All of lore.kernel.org
 help / color / mirror / Atom feed
From: "Michał Mirosław" <emmir@google.com>
To: Muhammad Usama Anjum <usama.anjum@collabora.com>
Cc: Peter Xu <peterx@redhat.com>,
	David Hildenbrand <david@redhat.com>,
	Andrew Morton <akpm@linux-foundation.org>,
	Andrei Vagin <avagin@gmail.com>,
	Danylo Mocherniuk <mdanylo@google.com>,
	Paul Gofman <pgofman@codeweavers.com>,
	Cyrill Gorcunov <gorcunov@gmail.com>,
	Mike Rapoport <rppt@kernel.org>, Nadav Amit <namit@vmware.com>,
	Alexander Viro <viro@zeniv.linux.org.uk>,
	Shuah Khan <shuah@kernel.org>,
	Christian Brauner <brauner@kernel.org>,
	Yang Shi <shy828301@gmail.com>, Vlastimil Babka <vbabka@suse.cz>,
	"Liam R . Howlett" <Liam.Howlett@oracle.com>,
	Yun Zhou <yun.zhou@windriver.com>,
	Suren Baghdasaryan <surenb@google.com>,
	Alex Sierra <alex.sierra@amd.com>,
	Matthew Wilcox <willy@infradead.org>,
	Pasha Tatashin <pasha.tatashin@soleen.com>,
	Axel Rasmussen <axelrasmussen@google.com>,
	"Gustavo A . R . Silva" <gustavoars@kernel.org>,
	Dan Williams <dan.j.williams@intel.com>,
	linux-kernel@vger.kernel.org, linux-fsdevel@vger.kernel.org,
	linux-mm@kvack.org, linux-kselftest@vger.kernel.org,
	Greg KH <gregkh@linuxfoundation.org>,
	kernel@collabora.com
Subject: Re: [PATCH v28 5/6] mm/pagemap: add documentation of PAGEMAP_SCAN IOCTL
Date: Thu, 10 Aug 2023 21:26:10 +0200	[thread overview]
Message-ID: <CABb0KFGftHi1t3Pt8V3XvsG=+-hvfQMMteW9VXEPrRmfUdZZWA@mail.gmail.com> (raw)
In-Reply-To: <20230809061603.1969154-6-usama.anjum@collabora.com>

On Wed, 9 Aug 2023 at 08:16, Muhammad Usama Anjum
<usama.anjum@collabora.com> wrote:
> Add some explanation and method to use write-protection and written-to
> on memory range.
[...]
> --- a/Documentation/admin-guide/mm/pagemap.rst
> +++ b/Documentation/admin-guide/mm/pagemap.rst
> @@ -227,3 +227,67 @@ Before Linux 3.11 pagemap bits 55-60 were used for "page-shift" (which is
>  always 12 at most architectures).
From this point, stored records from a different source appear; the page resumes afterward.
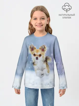 Детский лонгслив / Чихуахуа в снегу
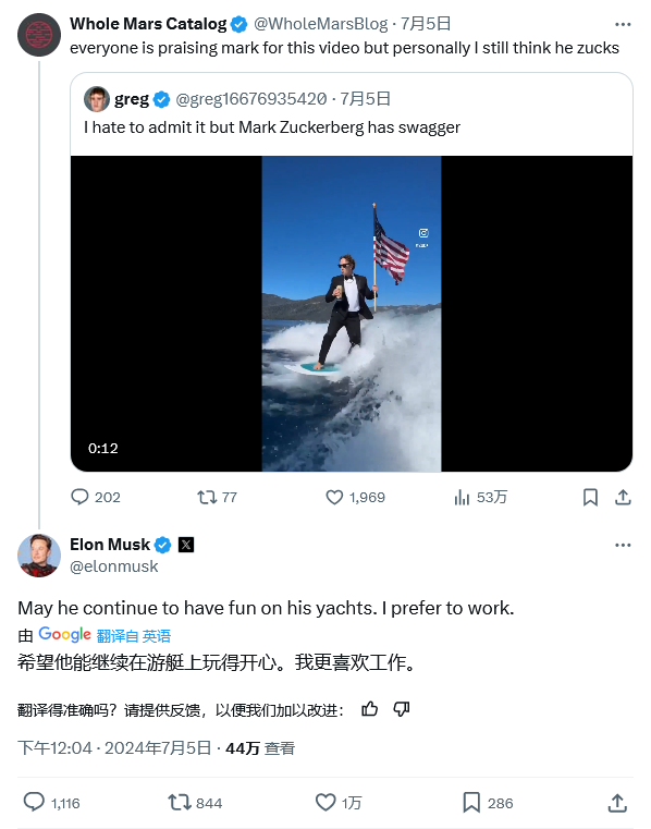 这位名叫greg的网友将这个视频分享到了一个名为X的平台上,在此之后,特斯拉CEO埃隆·马斯克回复道:“希望他能继续在游艇上玩得开心。我更喜欢工作。”
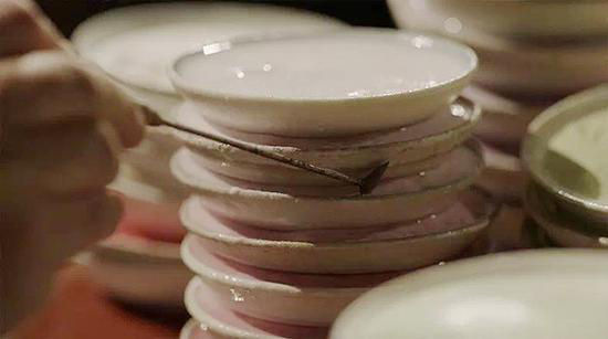 在每一個(gè)點(diǎn)藍(lán)的師傅面前,都由低到高排著一摞白色小碟,里面是摻了水的釉料。細(xì)看去,同樣是紫色,但從深紫到淺紫,竟然能分出十多種層次來。制作精良的景泰藍(lán)作品,對點(diǎn)藍(lán)要求很高。一片花瓣,要描繪顏色的漸變,就要由深入淺潤染幾個(gè)層次,才能表現(xiàn)出花朵特有的美感——這也是景泰藍(lán)的魅力所在,如果一朵花瓣只涂一二種顏色,功夫省了,景泰藍(lán)之美也消失了。
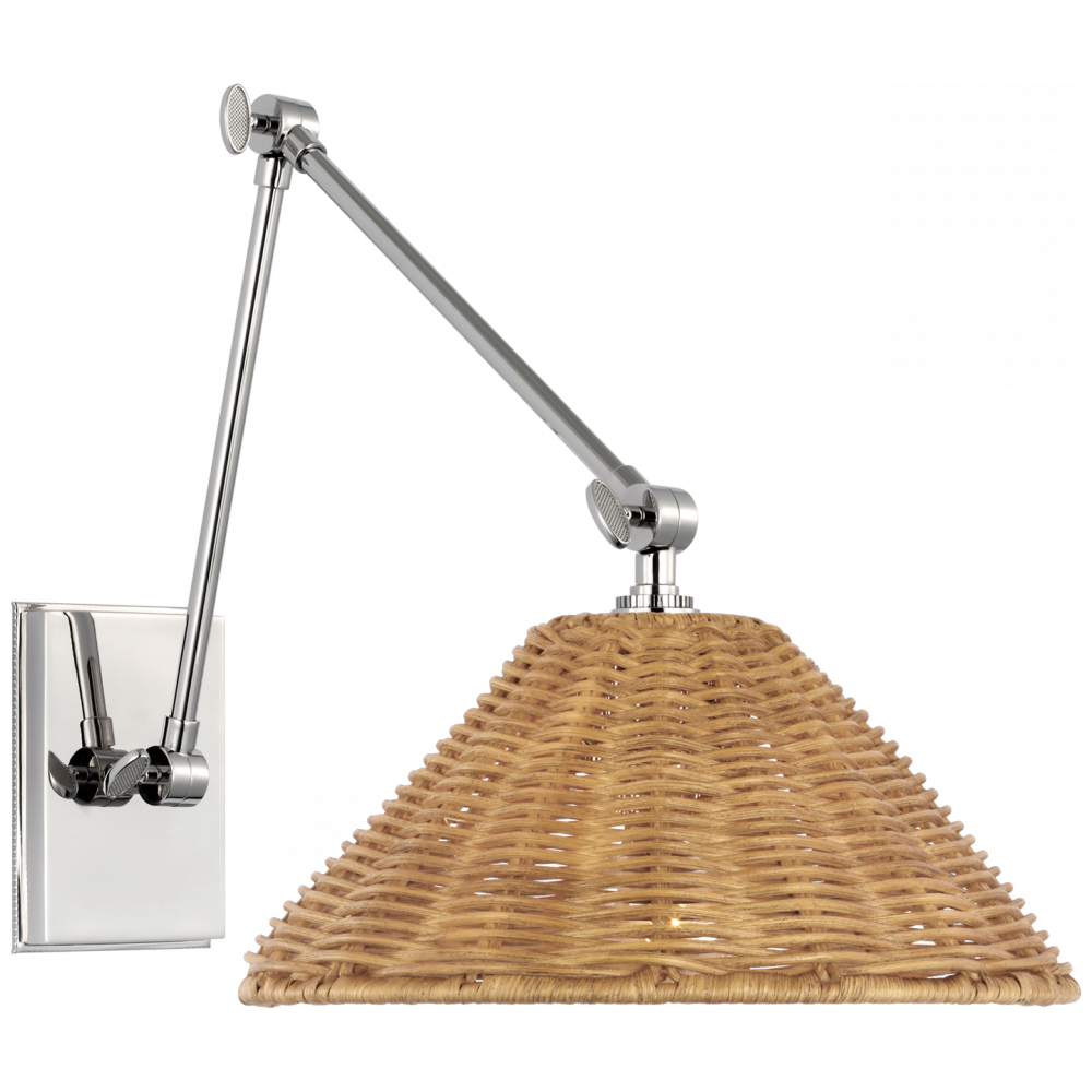 Marie Flanigan's Wimberly combines organic materials with refined metals. The linear, wrapped floor lamp is topped with a wicker shade, while the articulating wall light, available with single or double arms, comes in polished nickel with a natural wicker shade or soft brass with a white shade. Ideal for setting the right mood and providing ideal lighting in living rooms or studies.

Since Linux 3.11 their meaning changes
>  after first clear of soft-dirty bits. Since Linux 4.2 they are used for
>  flags unconditionally.
> +
> +Pagemap Scan IOCTL
> +==================
> +
> +The ``PAGEMAP_SCAN`` IOCTL on the pagemap file can be used to get or optionally
> +clear the info about page table entries. The following operations are supported
> +in this IOCTL:
> +- Get the information if the pages have Async Write-Protection enabled
> +  (``PAGE_IS_WPALLOWED``), have been written to (``PAGE_IS_WRITTEN``), file mapped
> +  (``PAGE_IS_FILE``), present (``PAGE_IS_PRESENT``), swapped (``PAGE_IS_SWAPPED``)
> +  or page has pfn zero (``PAGE_IS_PFNZERO``).

A recent addition -- PAGE_IS_HUGE -- is missing.

BTW, it could be easier to understand if the page categories were
separated from the operation description and listed so that each has
its own line and maybe a longer description where needed.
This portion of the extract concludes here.